## DATA EXCERPTS:
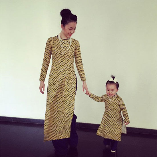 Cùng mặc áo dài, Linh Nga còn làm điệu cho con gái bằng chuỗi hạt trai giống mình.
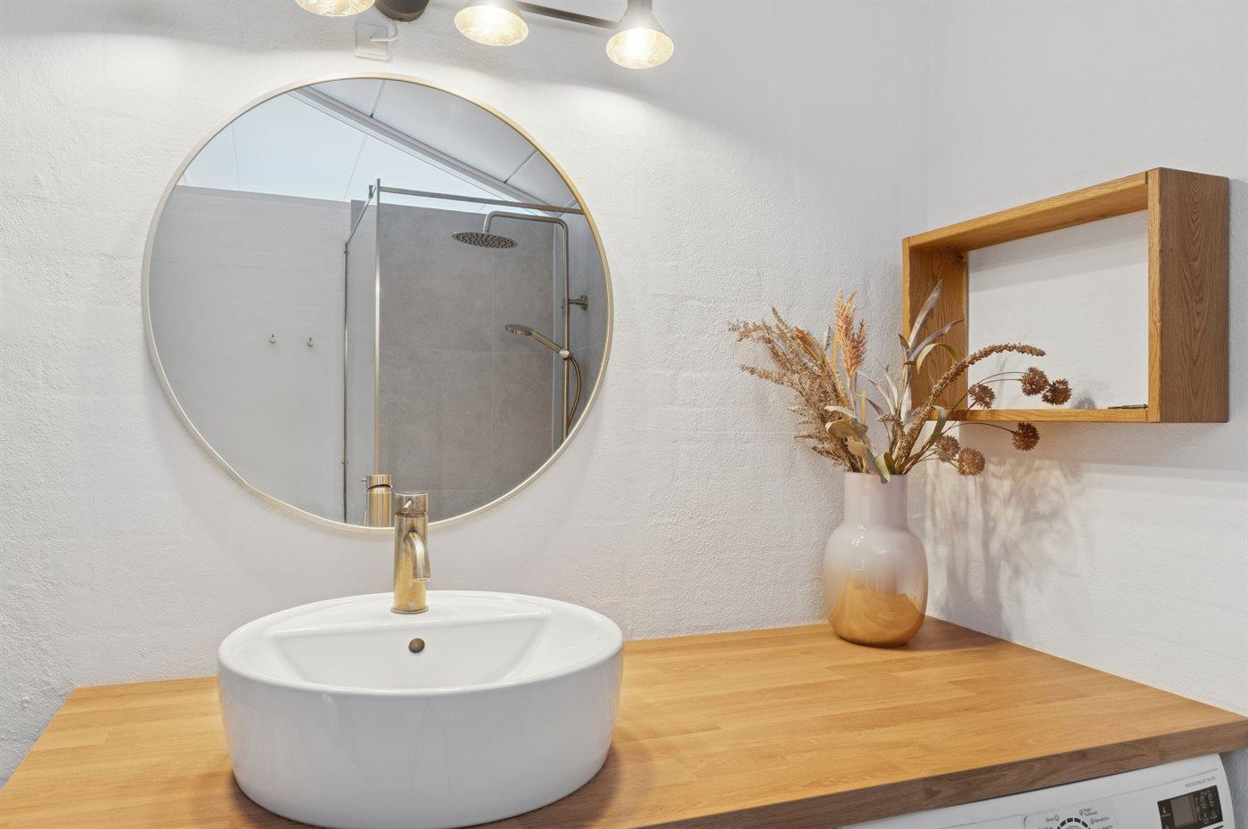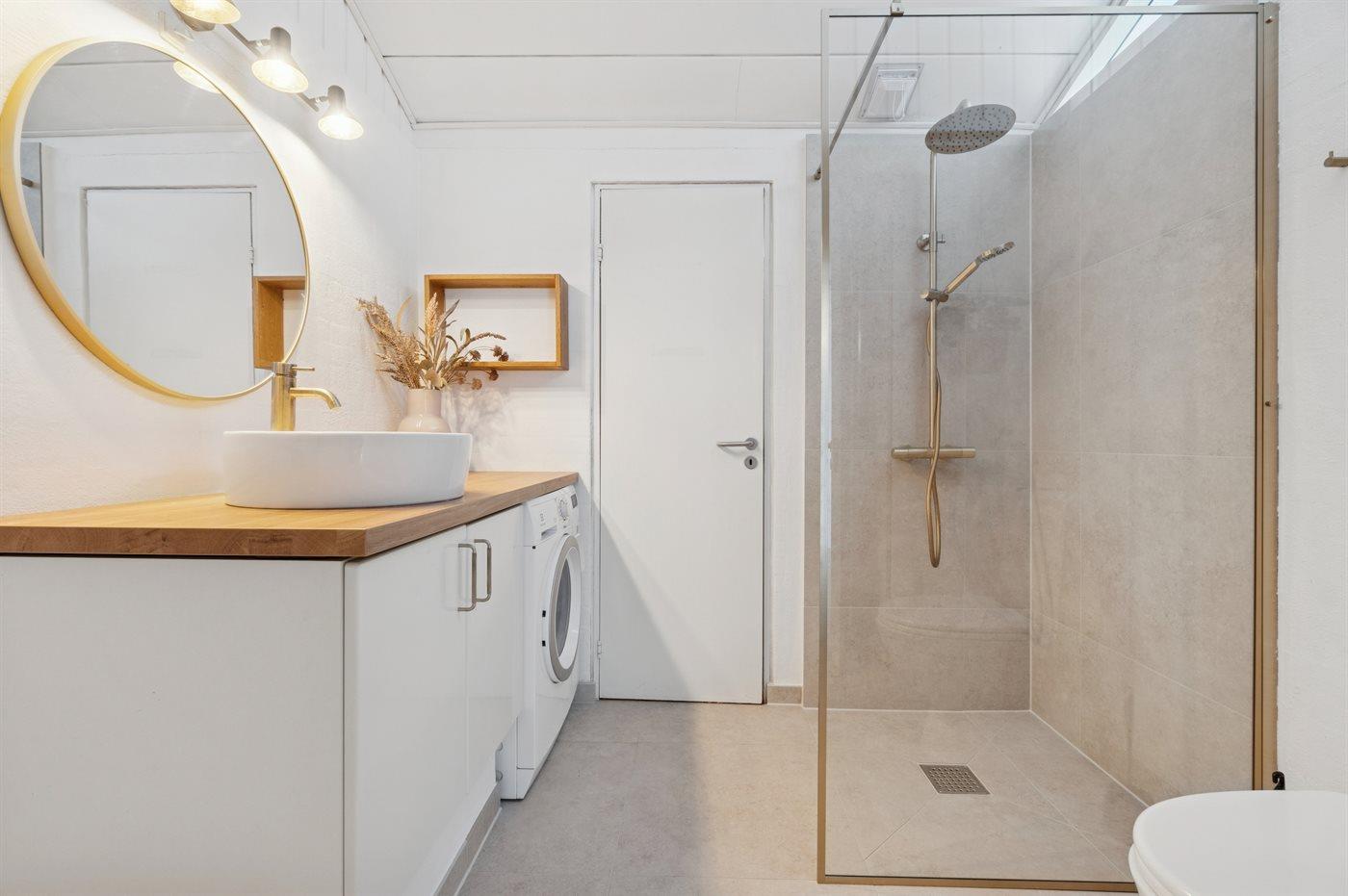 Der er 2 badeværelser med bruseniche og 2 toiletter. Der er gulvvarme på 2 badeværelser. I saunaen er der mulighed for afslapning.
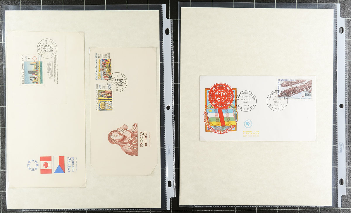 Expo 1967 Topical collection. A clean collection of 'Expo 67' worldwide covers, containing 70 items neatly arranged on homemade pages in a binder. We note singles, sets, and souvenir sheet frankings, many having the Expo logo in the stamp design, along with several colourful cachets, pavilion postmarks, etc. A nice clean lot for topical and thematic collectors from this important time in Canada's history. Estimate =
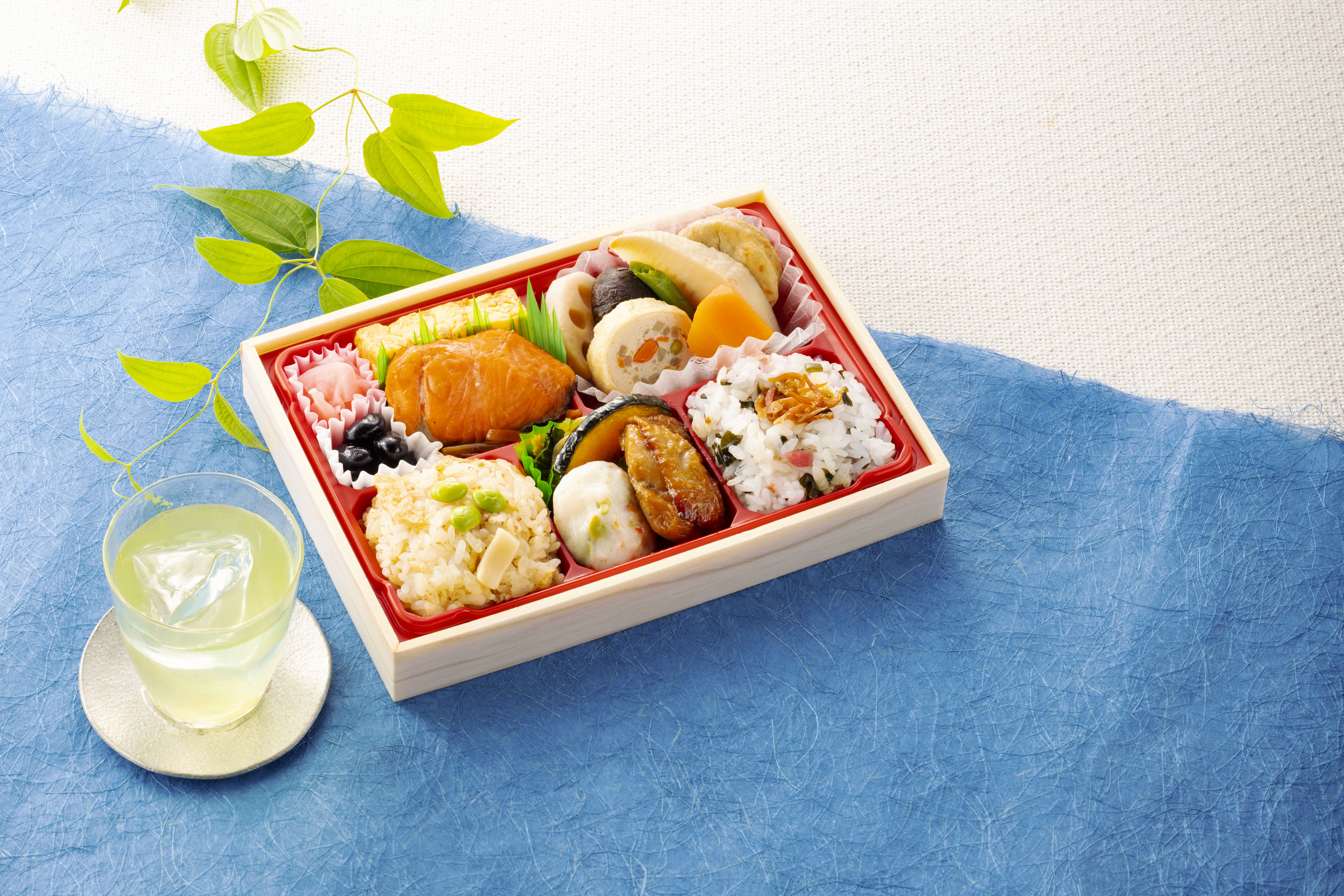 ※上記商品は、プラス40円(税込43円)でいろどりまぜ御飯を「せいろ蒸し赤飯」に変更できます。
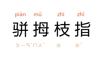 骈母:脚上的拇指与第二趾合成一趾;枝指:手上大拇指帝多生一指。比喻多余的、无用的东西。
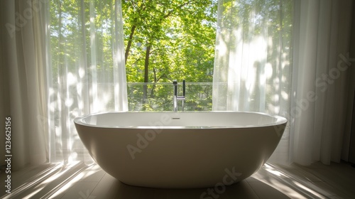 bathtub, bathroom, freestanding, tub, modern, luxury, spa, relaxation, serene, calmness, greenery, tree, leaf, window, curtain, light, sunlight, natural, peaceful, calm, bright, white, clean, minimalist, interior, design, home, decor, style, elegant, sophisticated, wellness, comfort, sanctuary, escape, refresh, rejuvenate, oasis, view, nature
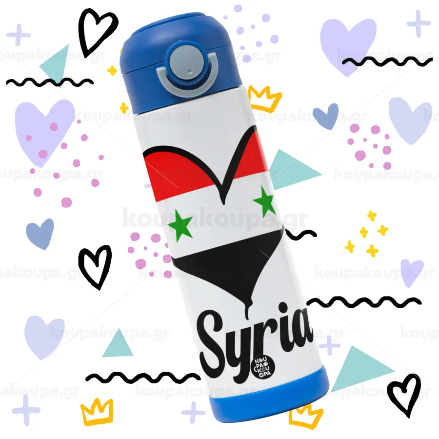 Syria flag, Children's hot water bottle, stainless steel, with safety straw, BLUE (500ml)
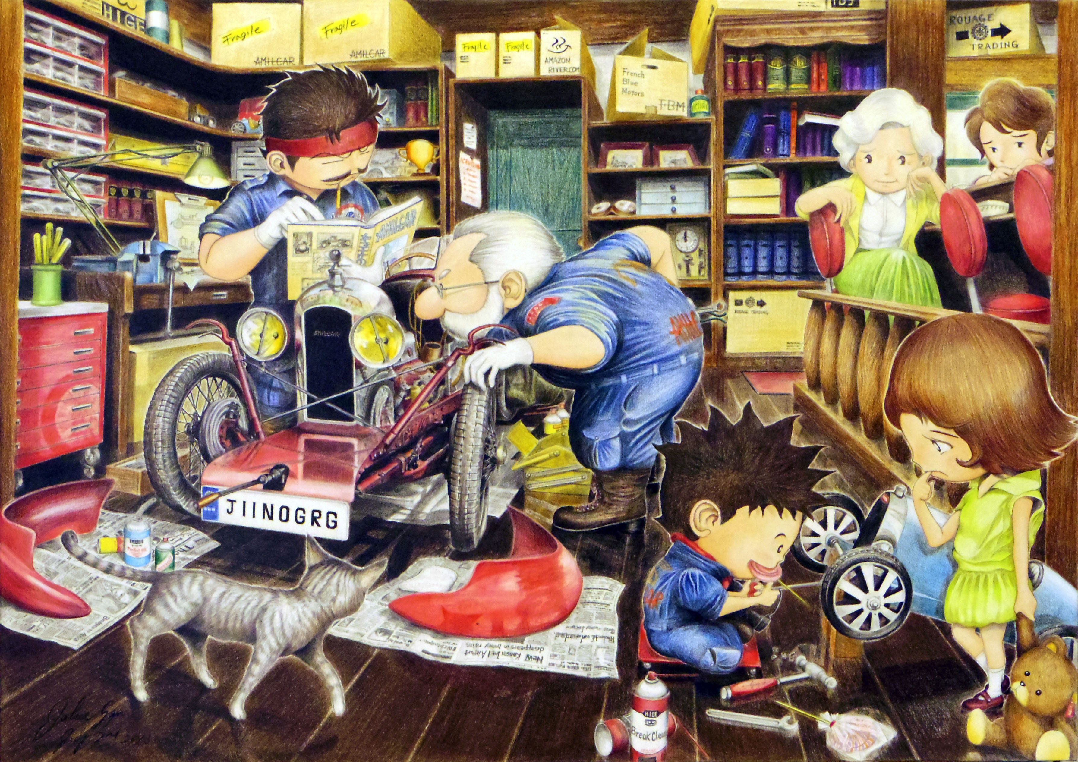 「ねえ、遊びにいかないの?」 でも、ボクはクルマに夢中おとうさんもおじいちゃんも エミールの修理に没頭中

## DIRECTIONS FOR THIS TASK:
Leave the pictures behind and repeat each entry exactly.

## TASK OUTPUT:
 Cùng mặc áo dài, Linh Nga còn làm điệu cho con gái bằng chuỗi hạt trai giống mình.
 Der er 2 badeværelser med bruseniche og 2 toiletter. Der er gulvvarme på 2 badeværelser. I saunaen er der mulighed for afslapning.
 Expo 1967 Topical collection. A clean collection of 'Expo 67' worldwide covers, containing 70 items neatly arranged on homemade pages in a binder. We note singles, sets, and souvenir sheet frankings, many having the Expo logo in the stamp design, along with several colourful cachets, pavilion postmarks, etc. A nice clean lot for topical and thematic collectors from this important time in Canada's history. Estimate =
 ※上記商品は、プラス40円(税込43円)でいろどりまぜ御飯を「せいろ蒸し赤飯」に変更できます。
 骈母:脚上的拇指与第二趾合成一趾;枝指:手上大拇指帝多生一指。比喻多余的、无用的东西。
 bathtub, bathroom, freestanding, tub, modern, luxury, spa, relaxation, serene, calmness, greenery, tree, leaf, window, curtain, light, sunlight, natural, peaceful, calm, bright, white, clean, minimalist, interior, design, home, decor, style, elegant, sophisticated, wellness, comfort, sanctuary, escape, refresh, rejuvenate, oasis, view, nature
 Syria flag, Children's hot water bottle, stainless steel, with safety straw, BLUE (500ml)
 「ねえ、遊びにいかないの?」 でも、ボクはクルマに夢中おとうさんもおじいちゃんも エミールの修理に没頭中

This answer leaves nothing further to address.